I have already been given the answer (and of course evaluated it myself in GHCI): 42

However, I would like get a better understanding of how the evaluation actually works here. In general, I think I know how (simple) let expressions work:

Example

a = let y = 5 in y * 5  -- a == 25

This evaluates to 25 because we bind y to the value of 5 and a gets assigned to the value of y*5 (the part after the in). The binding y = 5 is only valid within the scope of the let.

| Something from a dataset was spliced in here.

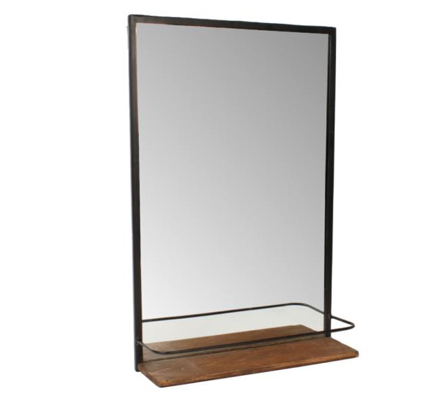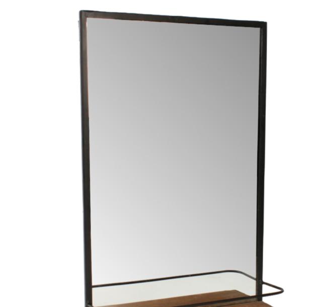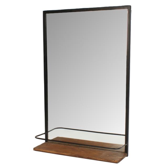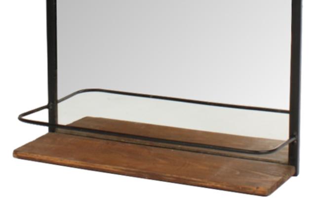 アイアンと天然木の組み合わせた棚付きウォールミラー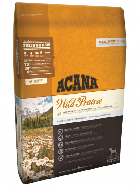 Корм ACANA Wild Prairie Dog содержит много мяса, выращенных на свободном выгуле, цыплят и индеек. А также цельные яйца и выловленную на воле рыбу. Все ингредиенты доставляются из нашего региона свежими или сырыми и используются в соотношении WholePrey («добыча целиком»), сохраняя все полезные вещества и не требуя включения большого списка искусственных добавок. Корм содержит мало углеводов, зато богат животным белком для поддержания отличной физической формы.

So far, the only interpretation (which at least evaluates to 42) is the following:

let g h k = (\x -> k (h x)) in g (+1) (\x -> x+x) 20

• g is (\x -> k (h x))
• h is (+1) (the function (\x -> x+1))

• k is (\x -> x+x)

  1. 20 is the input of g which yields k (h 20)
  2. h 20 gives 20 + 1 = 21
  3. k (h 20) = k 21 = 21 + 21 = 42

But what confuses me is the use of g h k after the let. What does that mean?

Answer 1

Think of a function definition. If you write:

g h k x = k (h x)

Then it is a function that takes three parameters h, k and x and returns k (h x). This is equivalent to:

g h k = \x -> k (h x)

or:

g h = \k x -> k (h x)

or:

g = \h k x -> k (h x)

So we can transfer variables between the head of the function, and the lambda-expression in the body. In fact a Haskell compiler will rewrite it.

So with the let expression, we define a locally scoped function like the one defined above. Now if we call g (+1) (\x -> x+x) 20, then will thus call g with h = (+1), k = (\x -> x+x) and x = 20.

So we will evaluate it as:

(\x -> x+x) ((+1) 20)

which evaluates to:

   (\x -> x+x) ((+1) 20)
-> ((+1) 20)+((+1) 20)
-> 21 + 21
-> 42

Answer 2

g h k = ... is a function definition. It means that the result of applying g to two arguments (named h and k) will evaluate to the ... part. In other words it's a shortcut for g = \h -> \k -> ....

So we can simplify the expression step by step as follows:

let g h k = (\x -> k (h x)) in g (+1) (\x -> x+x) 20
let g = \h -> \k -> (\x -> k (h x)) in g (+1) (\x -> x+x) 20
(\h -> \k -> (\x -> k (h x))) (+1) (\x -> x+x) 20
(\k -> (\x -> k ((+1) x))) (\x -> x+x) 20
(\x -> (\x -> x+x) ((+1) x)) 20
(\x -> x+x) ((+1) 20)
(\x -> x+x) 21
21 + 21
42